The facility explains how staff and volunteers will integrate the music into the daily care that the patients receive and then invite family members to participate so that the patients can relive memories of road trips, caroling, or dancing in the kitchen together.

For Boike, family connection remains important in all aspects of Alzheimer’s, from assisting with care to understanding the disease itself. When Boike’s uncle received a diagnosis of frontotemporal lobe dementia, Boike noticed a lack of literature available to the public about Alzheimer’s other than what the Alzheimer’s Association has published. The lack of information and the overwhelming negativity surrounding the disease often paralyzes family members when a loved one receives an Alzheimer’s diagnosis.

“That leads to a perception of Alzheimer’s disease as a tragedy that robs a person of their identity and their place in the world. We often shuffle these individuals to the side, and blame the fact that there is no cure for the disease, without really looking into all the options. We need to do more for these patients so that they do not have to spend 10 years of their lives feeling alone.”

To combat the lack of information and increase awareness of effective programs like the one at Warwick Forest, Boike reads scientific articles about Alzheimer’s and breaks them down into digestible information. She is in the process of creating a blog geared toward those who have just received a diagnosis.

“You don’t have to have been involved in research to understand basic science,” she says, “and I think that there’s a lot more that we can do for people who have been diagnosed, and one of them is like giving them the science resources to understand the disease for themselves.”

This desire to understand the disease itself fits into Boike’s lab work with Professor Landino. The research Boike focuses on in Professor Landino’s lab characterizes how proteins involved in energy production are affected by Alzheimer’s specific conditions.

“Someone just really needs to do it,” says Boike of the work she’s helping conduct at William & Mary.

Boike’s brand of compassion for the individuals and family members who have received an Alzheimer’s diagnosis goes beyond sympathy. Her compassion enables her to use her talents to both help those in assisted-living facilities and their families in understanding the disease. William & Mary has enabled her to share these talents with others.

“Without Dr. Sher, who introduced me to Dr. Gasink, I wouldn’t have been able to get involved at all — at least in the facility where I am now,” Boike says of the advisor who put her in touch with the geriatrician at Warwick Forest.

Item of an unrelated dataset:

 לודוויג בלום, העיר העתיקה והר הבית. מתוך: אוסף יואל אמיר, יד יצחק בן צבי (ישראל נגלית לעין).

“It’s really cool because now all of us [Boike, Dr. Sher, and Warwick Forest’s geriatrician] are basically all friends,” Boike says.

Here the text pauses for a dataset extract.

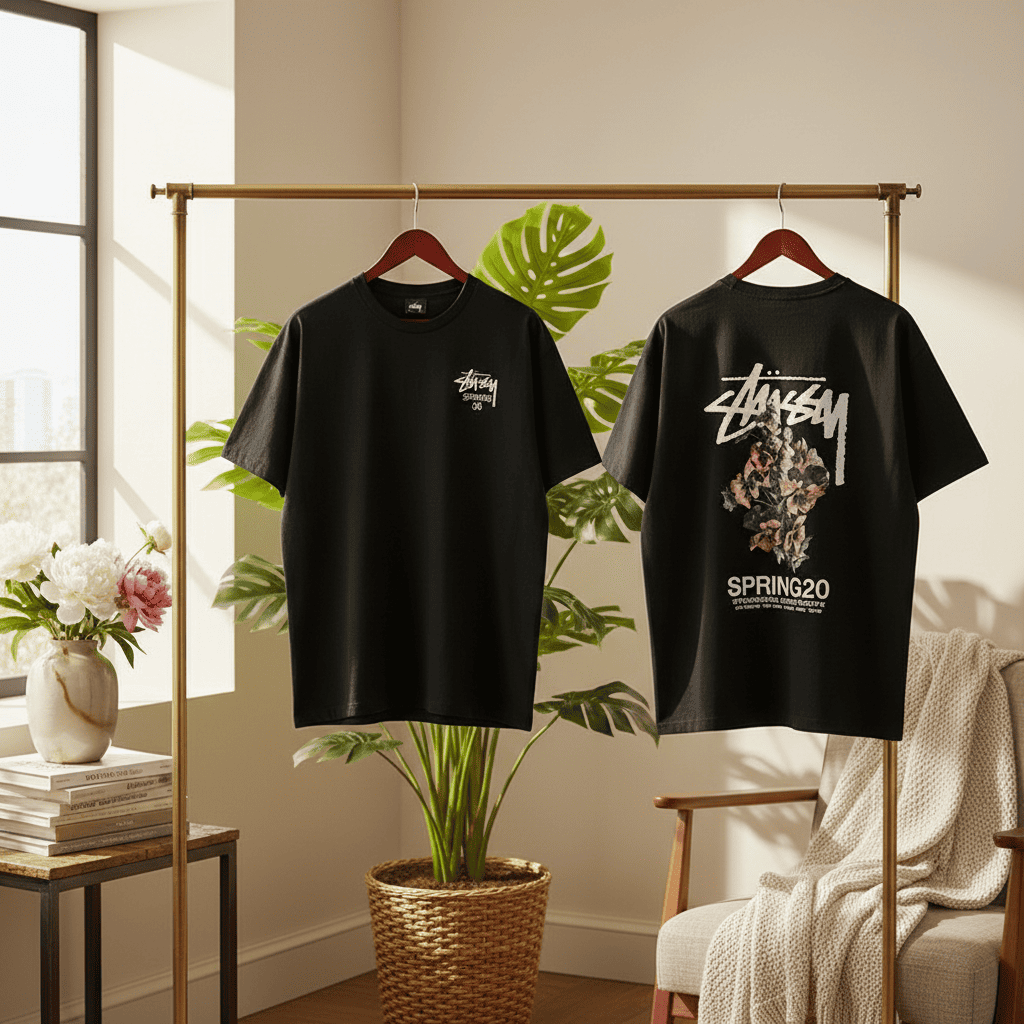 Stussy Black SPRING20 T-Shirt made of premium cotton, breathable and soft. Front logo print and floral graphic back design with signature script. Loose fit, unisex style for streetwear and casual outfits.

In addition to the connections and moral support, Boike has received financial backing from the campus community as well. United Against Inequities in Disease, a campus organization that focuses on local and national public health issues, has helped raise money for the iPods that the program requires, and members of the club have gone with Boike to volunteer at Warwick Forest. Through the Office of Community Engagement, Boike has received about $5,000 to help her pursue her project.

“It’s been super awesome in terms of the support that I’ve received from W&M,” she says. “I definitely don’t think that this project would’ve been so extensive had it not been for all of the funding that I got from the school and all the people who helped.”